Corporate social responsibility is by no means a new concept for directors of companies in the food and drink sector. In fact, it is a concept which many have been grappling with for some time now as part of day-to-day management. However, following the recent codification of directors’ duties, it is no longer a factor they ‘might’ like to consider, it is a factor they ‘must’ consider as part of their duties as a director.
Substantial parts of the Companies Act 2006 (the Act) are now in force, including four of the seven codified directors’ general duties which came into force on 1 October 2007; the other three codified duties are due to come into force later this year. The new set of directors’ duties is the first time that such duties have been recorded in statute codifying a myriad of well-trodden case law.

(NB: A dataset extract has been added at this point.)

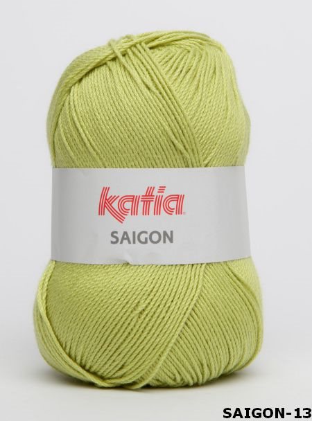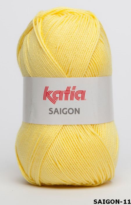 Katia Saigon is een veelzijdige breiwol en haakgaren, onder andere geschikt voor het maken van topjes en lichte truien, maar ook voor het haken van kleurige woonaccessoires en knuffels. Dit garen is verkrijgbaar in een breed assortiment van kleuren. U kunt Katia Saigon verwerken met breinaalden 3,5-4 mm en haaknaalden 2-2,5 mm. Een bol van 100 gram bestaat uit ca. 300 m garen. Het is gemaakt van 100% acryl en wasbaar op 40 graden Celcius.

Notably, the Act has now established a clear link between the duties that directors owe to a company and matters of corporate social responsibility, many of which are highly relevant to the food and drink sector, such as ethical trading and environmental best practice.
Something old, something new
For the last 300 years, the law governing directors’ duties has largely been derived from common law rules and equitable principles which have developed through the courts on a case-by-case basis. The law on directors’ duties has therefore not always been readily accessible to those who need it most, directors. It was therefore a key objective of the new legislation to make the law more accessible by codifying the general duties of directors so that they reflect the existing law and provide greater clarity on what is expected of directors. This sentiment is to be applauded and the Act now includes seven general duties that seek to reflect the existing law, as follows:
- To promote the success of the company
- To exercise reasonable care, skill and diligence
- To exercise independent judgement
- To act within the powers of the company
- To avoid conflicts of interest
- Not to accept benefits from third parties
- To declare any interest in proposed transactions or arrangements with the company
There is of course little that is controversial in the broad formulation of these duties. For example, few could doubt that directors should act within their powers and exercise reasonable care, skill and diligence. However, the simplicity of codification brings its own issues to the table, not least the fact that it is rarely possible to set out in statutory form the detailed principles on which the underlying cases have been decided. The Act provides that the new codified duties are to be based on the ‘existing duties’ and that regard should be had to the ‘corresponding’ existing duties when interpreting the new ones. What this means in practice is that the existing law is almost superseded, but not quite. Effectively, this approach avoids the necessity for detailed codification of complex principles underlying each of the new duties, whilst suggesting that the courts should be reluctant to move away from the existing law underpinning each of the duties.
Until this relationship is tried and tested in the courts, the interaction between existing case law and the new duties will provide scope for uncertainty and judicial development – in particular, it will be interesting to see if the courts decide that the language used in the Act compels them to follow old precedents or affords them with an opportunity to look at issues afresh.
Duty to promote the success of the company
One of the new codified duties is to ‘promote the success of the company’. Lord Goldsmith, the government spokesman, has reportedly said that success for a commercial company will usually mean a ‘long-term increase in value’. The Act provides that a director of a company must act in a way he considers, in good faith, would be most likely to promote the success of the company for the benefit of its members as a whole, and in doing so shall have regard (amongst other matters) to:
- The likely consequences of any decision in the long term (e.g. cutting a company’s research and development budget)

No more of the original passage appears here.